Apenas pelo título da faixa do grupo N.W.A, de 1989, “F*ck The Police” (F*da-se A Polícia), você pode imaginar que haveria alguma resistência à música. Essa resistência foi além do que o grupo achou razoável quando, em Detroit, eles foram informados que em nenhuma circunstância deveriam tocar a música em sua próxima apresentação ao vivo. Se o fizessem, seriam presos.
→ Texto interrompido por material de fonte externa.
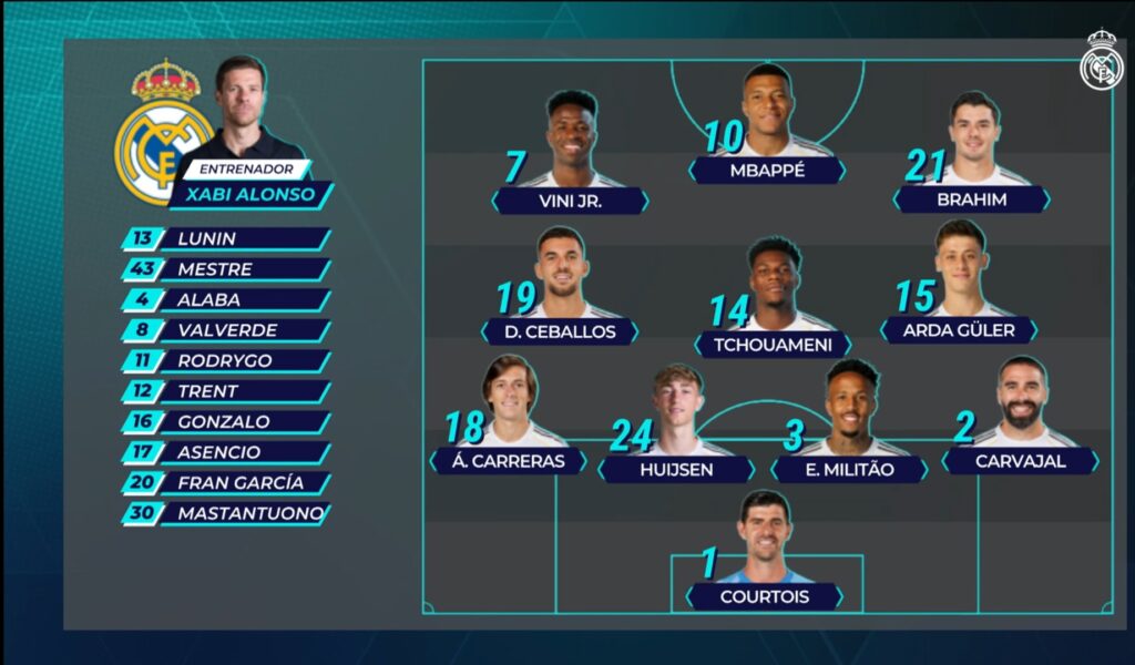 Vini Jr. volvió a ser titular tras recuperar su mejor nivel con goles y asistencias, mientras que Brahim Díaz también le gana la partida a Rodrygo por el costado diestro.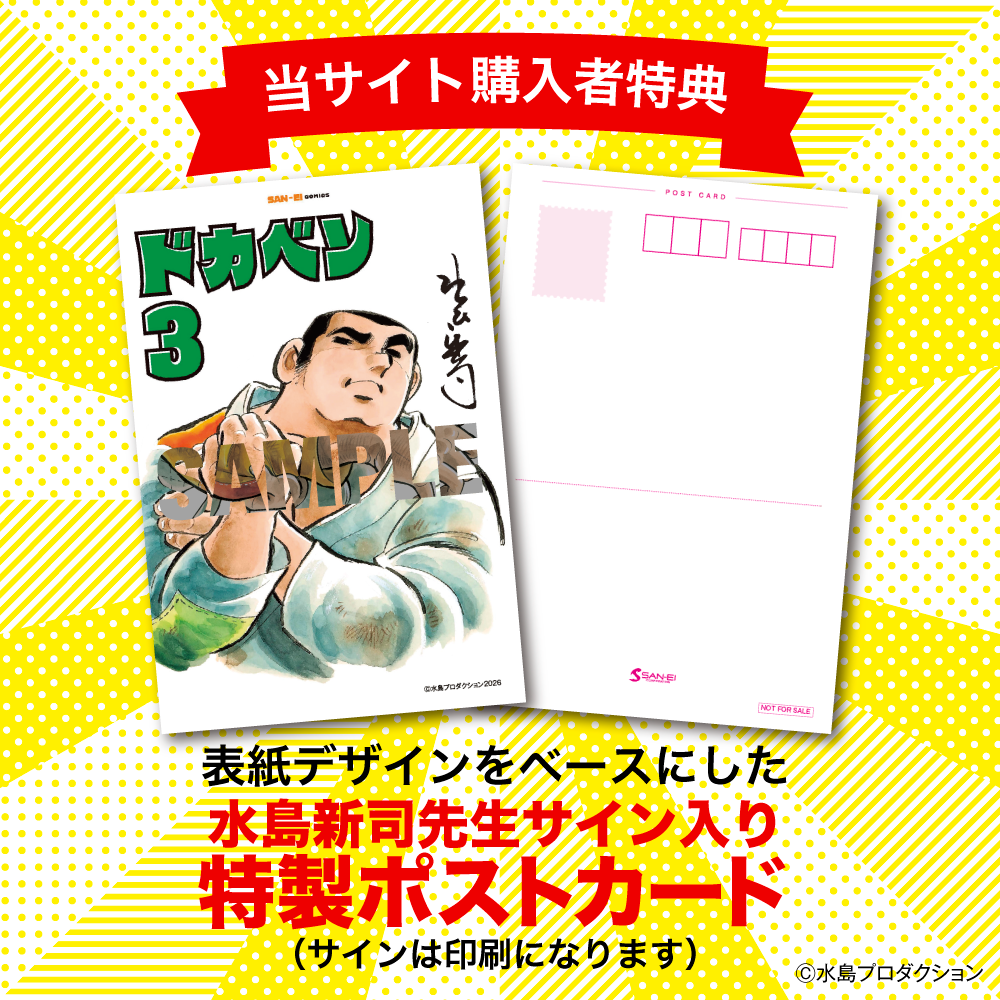 本サイトからの購入限定特典として水島新司先生サイン入り限定ポストカードが付いてきます!(サインは印刷になります)

Eles tocaram e foram presos. Como é geralmente o caso quando as autoridades se envolvem na cultura popular, o interesse no grupo disparou. Eles rapidamente se tornaram um dos atos mais falados nos Estados Unidos e em meados dos anos 90 e gerou as carreiras solo ainda mais bem-sucedidas dos membros fundadores Ice Cube e Dr. Dre.

1. Cop Killer (Body Count)

Quando Ice-T refletiu sobre a canção “Cop Killer” e a controvérsia que causou, ele declarou no documentário The Hip-Hop Years que um minuto ele estava “jogando Nintendo”, no outro ele estava olhando para o vice-presidente (Dan Quayle), citando suas palavras na televisão ao vivo. O momento era surreal.

Houve um foco especial no trecho “Morre porco! Morre porco morre!” (a palavra ‘porco’ é utilizada para se referir à policiais) Com o público a ser convidado a considerar o que essa linha soaria como se fosse sobre “judeus” ou “homossexuais!”

A canção em si foi uma resposta – ainda que dura – ao espancamento do motorista Rodney King e à subsequente absolvição dos quatro policiais acusados do crime. Aqueles que procuraram proibi-la argumentaram que a música estava promovendo e tolerando a violência contra policiais.